Fully Automatic Measurement of the Splenic Volume in CT with U-Net Convolutional Neural Networks

J. Bukala, G.E. Humpire Mamani, E. Scholten, M. Prokop, B. van Ginneken and C. Jacobs

in: Annual Meeting of the Radiological Society of North America, 2017


Purpose: To develop a fully automatic deep learning method for 3D segmentation of the spleen on computed tomography (CT) scans and to compare the automatically measured spleen volume with the standard splenic index approximation formula that requires three 2D manual measurements. Method and Materials:145 CT thorax-abdomen scans were collected from our institute. All scans were contrast enhanced and acquired with a slice thickness of 1 or 2 mm. The spleens were manually segmented in 3D by trained human observers in all scans. We used 100 scans for training and 45 scans as an independent test set. In the test set, the standard approximation formula was applied by a human observer to get an estimation of the splenic volume.
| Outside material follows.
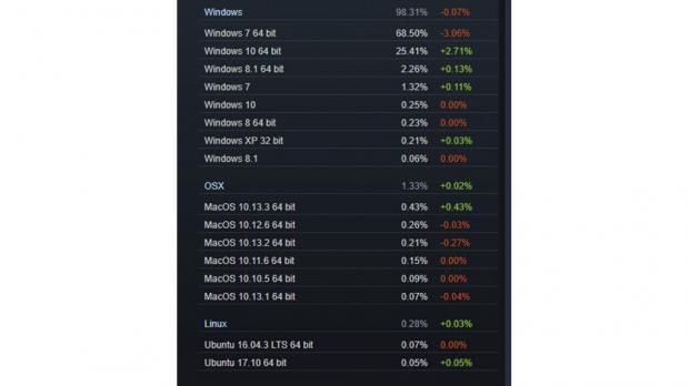 Nhìn chung, Windows vẫn chiếm ưu thế trong không gian chơi game với thị phần 98,31%. Tiếp theo là hệ điều hành của Apple - OS X tăng 0,02% lên 1,33%. Linux cũng chiếm thị phần từ 0.03% đến 0.28%, Ubuntu 17.10 64-bit và chiếm 0.05% thị phần.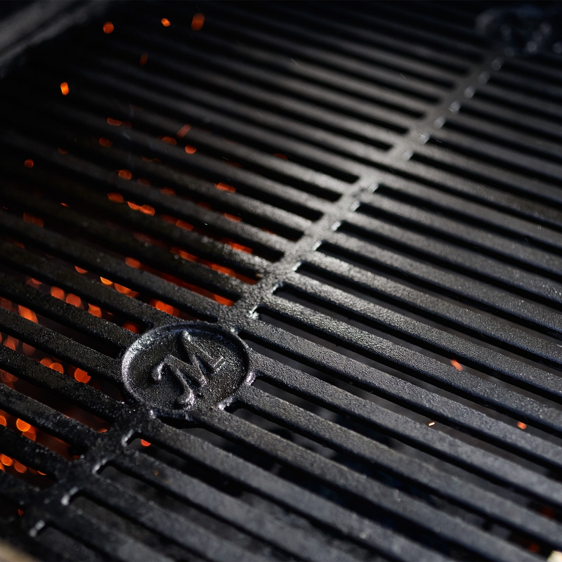 - Include griglie in ghisa reversibili per l'affumicatura lenta e bassa o per la cottura a fuoco vivo.

The system fully analyzes the entire thorax-abdomen CT scan to segment the exact location of the spleen, without any need for pre-processing. Multiple U-net convolutional neural networks were trained for different orthogonal directions using the training data set. A validation set consisting of 30% of the training data was used to optimize the hyperparameters of the neural network. A dedicated hard mining selection strategy was employed to improve the learning process. The predictions of the U-nets were averaged and subsequently thresholded to obtain a 3D spleen segmentation. The mean absolute error of the splenic volume was used to measure the accuracy of the deep learning approach and the standard approximation formula in comparison to the manual reference standard. The performance of the deep learning approach was also evaluated by computing the Dice similarity coefficient on the test set. Results: The deep learning approach resulted in a mean absolute error of 8.5% (SD 11.6) in the splenic volume while the approximation formula gave a significantly higher (p<0.01) mean absolute error of 17.7% (SD 14.7). The average Dice score between the deep learning segmentations and the reference segmentations was 0.91 (SD 0.08). Conclusion: Splenic volume can be fully automatically assessed using a U-net deep learning approach, with an accuracy that is substantially better than the clinically widely used approximation formula. Clinical relevance/Application: An accurate splenic volume measurement can be used for assessing splenomegaly and for detecting changes in splenic volume over time.